I'm Not Who You Think I Am
- Paperback edition cover
- Author: Peg Kehret
- Illustrator: ?
- Cover artist: ?
- Language: English
- Genre: Young adult novel
- Publisher: Dutton Juvenile
- Publication date: April 1, 1999
- Publication place: United States
- Media type: Print (Hardback & Paperback)
- Pages: 154 pp
- ISBN: 0-525-46153-1
- OCLC: 39727785
- LC Class: PZ7.K2518 Iae 1999
- Preceded by: The Blizzard Disaster (Frightmares Series) (1998)
- Followed by: Shelter Dogs (1999)

= I'm Not Who You Think I Am =

Book by Peg Kehret

I'm Not Who You Think I Am is an American novel for young adults by Peg Kehret, published in 1999.

==Plot==
Thirteen-year-old Ginger becomes the target of a disturbed lady who believes that Ginger is her daughter. Ginger becomes distressed when the woman, Joyce, begins to stalk her.
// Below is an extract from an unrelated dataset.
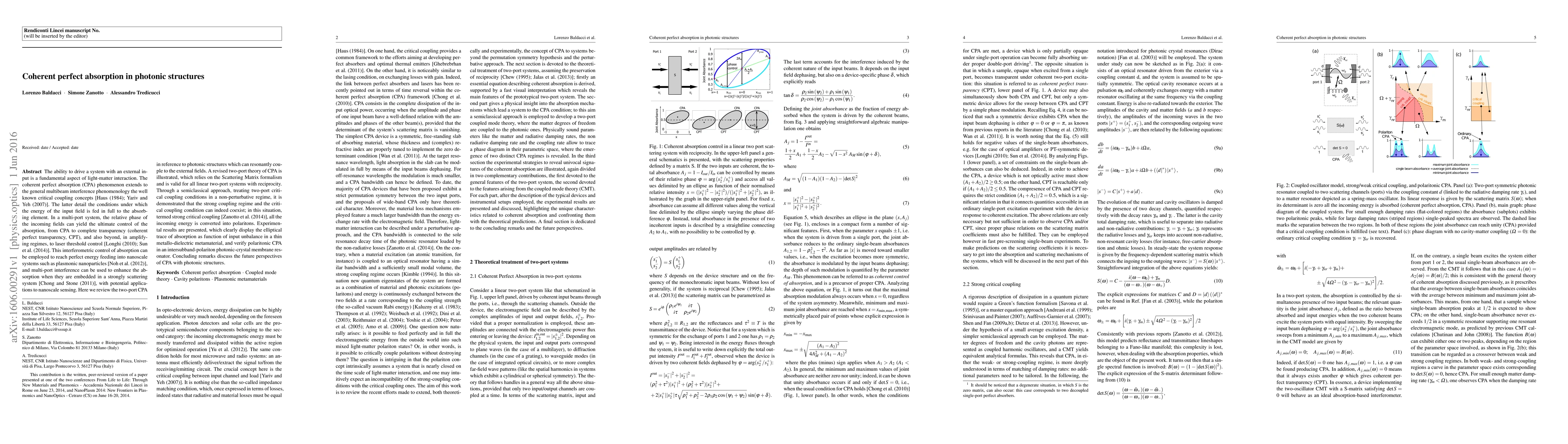 The ability to drive a system with an external input is a fundamental aspect of light-matter interaction. The coherent perfect absorption (CPA) phenomenon extends to the general multibeam interference phenomenology the well known critical coupling concepts. This interferometric control of absorption can be employed to reach full delivery of optical energy to nanoscale systems such as plasmonic nanoparticles, and multi-port interference can be used to enhance the absorption of a nanoscale device when it is embedded in a strongly scattering system, with potential applications to nanoscale sensing. Here we review the two-port CPA in reference to photonic structures which can resonantly couple to the external fields. A revised two-port theory of CPA is illustrated, which relies on the Scattering Matrix formalism and is valid for all linear two-port systems with reciprocity. Through a semiclassical approach, treating two-port critical coupling conditions in a non-perturbative regime, it is demonstrated that the strong coupling regime and the critical coupling condition can indeed coexist; in this situation, termed strong critical coupling, all the incoming energy is converted into polaritons. Experimental results are presented, which clearly display the elliptical trace of absorption as function of input unbalance in a thin metallo-dielectric metamaterial, and verify polaritonic CPA in an intersubband-polariton photonic-crystal membrane resonator. Concluding remarks discuss the future perspectives of CPA with photonic structures.

Joyce uses the help of her brother-in-law, while Ginger's parents are out of town, to speak to Ginger and convince Ginger to go with Joyce.

==Reception==
Kirkus Reviews finds "While the story reads like a thriller, the character development and moral dilemmas add depth and substance." while Publishers Weekly says "Thriller buffs may be disappointed by the thin characterizations and contrivances, ... most readers will want to stick around long enough to see how she escapes Joyce's clutches."